Is it that he’s avoiding time with the kids? The o/p says he’s an involved parent.

or do you think it’s more he’s getting up, going to work, coming home, feeding and putting the kids to bed, logging on for more work, with no time to even sit for 10 minutes and reset?

he can’t not work as the household is completely reliant on his income.

then on weekends he is doing the bulk of the childcare and housework.

meanwhile o/p has 6 hours in the day, weekends, and two evenings a week to manage as she pleases. With none of the stress of knowing if it doesn’t get done there’s no income and no food on the table.

o/p needs to step up. Either get shit done in the day so he can chill at weekends, or get a job so he can relax a bit on the work front.

being a sahm is a privilege as you say. As much as I hate the logic her job is to facilitate his working life by taking up the slack at home.

the balance isn’t right here. That’s the problem, and that’s what dh is saying. He has too much on his plate and is not coping, that’s the message.

.

rainingsnoring · 08/11/2024 13:10

Whatamitodonow · 08/11/2024 11:56

Is it that he’s avoiding time with the kids? The o/p says he’s an involved parent.

or do you think it’s more he’s getting up, going to work, coming home, feeding and putting the kids to bed, logging on for more work, with no time to even sit for 10 minutes and reset?

he can’t not work as the household is completely reliant on his income.

then on weekends he is doing the bulk of the childcare and housework.

meanwhile o/p has 6 hours in the day, weekends, and two evenings a week to manage as she pleases. With none of the stress of knowing if it doesn’t get done there’s no income and no food on the table.

o/p needs to step up. Either get shit done in the day so he can chill at weekends, or get a job so he can relax a bit on the work front.

being a sahm is a privilege as you say. As much as I hate the logic her job is to facilitate his working life by taking up the slack at home.

the balance isn’t right here. That’s the problem, and that’s what dh is saying. He has too much on his plate and is not coping, that’s the message.

.

Exactly this. As@Shoopstoop says, being a SAHM with school aged children is a privilege. The balance is very unfair here and the DH is telling her so.
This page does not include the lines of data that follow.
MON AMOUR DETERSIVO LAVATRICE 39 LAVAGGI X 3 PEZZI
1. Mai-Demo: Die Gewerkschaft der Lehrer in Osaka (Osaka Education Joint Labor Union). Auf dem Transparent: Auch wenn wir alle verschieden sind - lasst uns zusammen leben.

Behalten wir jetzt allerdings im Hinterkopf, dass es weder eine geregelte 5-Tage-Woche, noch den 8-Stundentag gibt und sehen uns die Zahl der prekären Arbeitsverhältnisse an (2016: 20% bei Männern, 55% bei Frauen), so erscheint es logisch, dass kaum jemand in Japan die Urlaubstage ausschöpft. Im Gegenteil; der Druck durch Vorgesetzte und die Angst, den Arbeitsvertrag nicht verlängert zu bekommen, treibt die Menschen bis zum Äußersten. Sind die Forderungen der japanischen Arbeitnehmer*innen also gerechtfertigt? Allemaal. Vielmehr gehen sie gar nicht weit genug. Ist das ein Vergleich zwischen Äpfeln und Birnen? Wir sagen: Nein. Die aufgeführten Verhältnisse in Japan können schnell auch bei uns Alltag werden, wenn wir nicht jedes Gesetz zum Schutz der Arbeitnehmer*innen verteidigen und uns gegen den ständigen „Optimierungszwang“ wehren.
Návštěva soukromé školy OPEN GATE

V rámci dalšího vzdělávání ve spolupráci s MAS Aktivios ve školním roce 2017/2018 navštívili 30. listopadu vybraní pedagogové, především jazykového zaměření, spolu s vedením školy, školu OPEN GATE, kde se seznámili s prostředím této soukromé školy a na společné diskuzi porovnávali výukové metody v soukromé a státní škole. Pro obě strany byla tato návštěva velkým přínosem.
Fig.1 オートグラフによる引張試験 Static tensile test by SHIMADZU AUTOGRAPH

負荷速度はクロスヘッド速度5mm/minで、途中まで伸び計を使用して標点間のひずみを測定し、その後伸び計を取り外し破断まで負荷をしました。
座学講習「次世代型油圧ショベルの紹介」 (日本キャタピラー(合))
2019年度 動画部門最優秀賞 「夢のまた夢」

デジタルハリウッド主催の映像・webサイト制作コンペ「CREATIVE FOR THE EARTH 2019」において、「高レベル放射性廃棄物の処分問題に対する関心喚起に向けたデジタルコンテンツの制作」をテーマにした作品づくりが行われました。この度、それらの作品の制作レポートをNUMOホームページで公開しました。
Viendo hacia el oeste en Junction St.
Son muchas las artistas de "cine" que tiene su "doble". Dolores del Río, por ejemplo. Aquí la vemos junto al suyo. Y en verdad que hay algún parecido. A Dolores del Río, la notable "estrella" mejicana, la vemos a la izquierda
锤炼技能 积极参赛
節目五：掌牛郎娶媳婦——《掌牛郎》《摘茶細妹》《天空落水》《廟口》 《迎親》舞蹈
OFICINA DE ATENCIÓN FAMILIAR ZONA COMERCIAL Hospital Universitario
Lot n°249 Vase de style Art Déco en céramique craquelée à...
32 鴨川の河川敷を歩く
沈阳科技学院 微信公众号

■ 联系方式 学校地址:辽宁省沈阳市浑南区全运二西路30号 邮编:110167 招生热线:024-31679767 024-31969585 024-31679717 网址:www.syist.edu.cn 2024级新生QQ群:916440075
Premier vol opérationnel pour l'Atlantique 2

He's not trying to avoid looking after his children at all, he's trying to juggle a lot of work and family responsibilities while the OP has a jolly relaxed time overall.

IVFmumoftwo · 08/11/2024 14:41

redskydarknight · 07/11/2024 09:18

And if DH burns out, what will OP do?

Or leaves her if she carries on like this.

the7Vabo · 08/11/2024 16:11

IVFmumoftwo · 08/11/2024 14:41

Or leaves her if she carries on like this.

I’m conscious I’m ranting. Given that a lot of people (whether rightly or wrongly depending on your view) are despairing about women’s rights post the US election results, it irks me that women claim being a SAHM of primary aged children is very hard.

Women can do hard things, and we prove as much all the time, if you stay at home (by choice) have children in school until 2/3 and your tasks are house, food, shopping and childcare please admit that there are harder jobs.

That’s not to say it’s not a valid choice, or that for some it isn’t a choice, or that it doesn’t have any downsides or even that’s it easy.
Its just not the most difficult job in the world.